Craft traditions are emphasized in Mexico and India, where even the sophisticated homes designed by Studio Mumbai’s Bijoy Jain (touted as “a future candidate for the Pritzker Prize”) use only local materials and products, resulting in a look that AD India editor Greg Foster calls “Desi wabi sabi.” (India exports but hardly imports furniture; as Foster notes, Pierre Jeanneret’s Chandigarh pieces are “a little bit of India found in almost every AD home the world over.”)
What about the houses of one-percenters living in wealthy countries? Are they interchangeable, regardless of location? Not completely.

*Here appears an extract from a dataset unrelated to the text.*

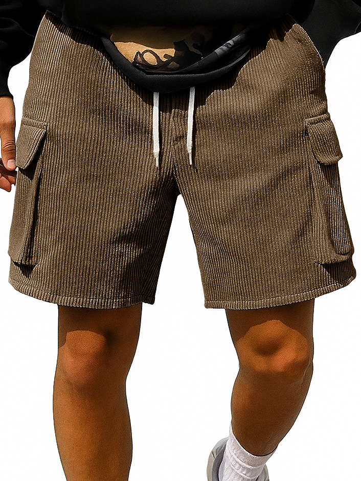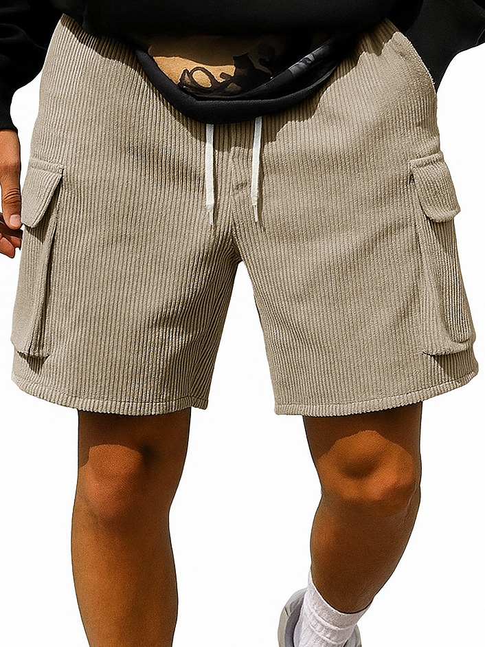 Men's Fashion Retro Outdoor Workwear Pocket Elastic Waist Drawstring Shorts

For instance, Kalt writes about France’s interior designers, “The use of color is not always their forte. [They] seem to prefer subtle monochromes of whites and beige tones.” But in Spain, just a few pages away, designers use color “freely and happily,” she notes. Spain is also a place where rooms are subject to rearrangement. We are “open to all suggestions,” writes AD Spain editor Enric Pastor, “but we draw the line at immobility.”
Or consider Germany versus the United States. In the birthplace of Ludwig Mies van der Rohe whose mantra was “Less is more,” rooms are often minimalist to the point of asceticism. But in America, more is more; it took the combined efforts of Thad Hayes, John Gachot and the late Paul Fortune to fill the television room of Marc Jacobs’s Manhattan townhouse almost to bursting.

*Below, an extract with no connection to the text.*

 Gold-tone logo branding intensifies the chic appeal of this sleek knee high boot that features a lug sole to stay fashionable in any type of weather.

In the Middle East, design tends to be earnest — whether it’s the home an Arab prince who studied architecture created for himself in Riyadh or the mansion of a Palestinian billionaire using grandeur as a political statement. By contrast, in Italy, the country that produced Ettore Sottsass and Giò Ponti, most designs have an “inherent irony,” says AD Italy editor Ettore Mochetti.

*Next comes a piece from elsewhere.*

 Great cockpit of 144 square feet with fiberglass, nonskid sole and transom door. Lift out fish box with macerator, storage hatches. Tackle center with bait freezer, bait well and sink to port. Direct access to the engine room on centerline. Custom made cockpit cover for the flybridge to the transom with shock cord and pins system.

And then there are the distinctive environments born out of personal relationships. Developer Craig Robins was friends with Zaha Hadid for years before she added an all-white and entirely Zaha-esque bathroom to his Miami house.
Designers Ariel Ashe and Reinaldo Leandro may have saved their best work for Ashe’s sister and brother-in-law, Alexi Ashe and Seth Meyers, of late-night TV fame. Ashe + Leandro are part of a cohort of youngish American designers whose utterly original work jumps out from the pages of the book; others are Apparatus founders Gabriel Hendifar and Jeremy Anderson and Manhattan architect Giancarlo Valle.
Not that the older generation has gone missing. “You couldn’t do a book like this without Peter Marino,” says Kalt, who included the architect’s own Rocky Mountain ski house, a lesson in icy perfection.
But the aesthetic that best defines the interiors included in the book is eclecticism — the mixing and matching that has become the design world’s lingua franca. Of course, even eclecticism has variants, from the lush interiors of Studio KO (represented by a brass-trimmed flat in Paris) to the spare environments of London-based John Pawson (a trim-free Manhattan living room for Scandinavian antiques dealer Jill Dienst, of Dienst + Dotter).
One way or another, nearly all the interiors in the book combine shiny and dull, thick and thin, restrained and ornate and, especially, old and new. It’s hard to imagine a more powerful modern statement than that made by an Ekstrom armchair, designed in the 1980s by Terje Ekstrom, of Norway, and seemingly composed of thick bent pipes: A pair of these in school-bus yellow appears alongside 17th-century furniture in a Madrid living room by interior designers Las 2 Mercedes, while another set, in fire-engine red, mingles with priceless antiques in a Bologna home designed for antiquarian Maurizio Nobile by architect Enricho Bianchini. Both arrangements prove that the shock of the new and the comfort of the old together can make great rooms.
In a similar way, The Most Beautiful Rooms in the World proves that the two lives of Architectural Digest — the traditional and the modern — have merged over the magazine’s 100 years.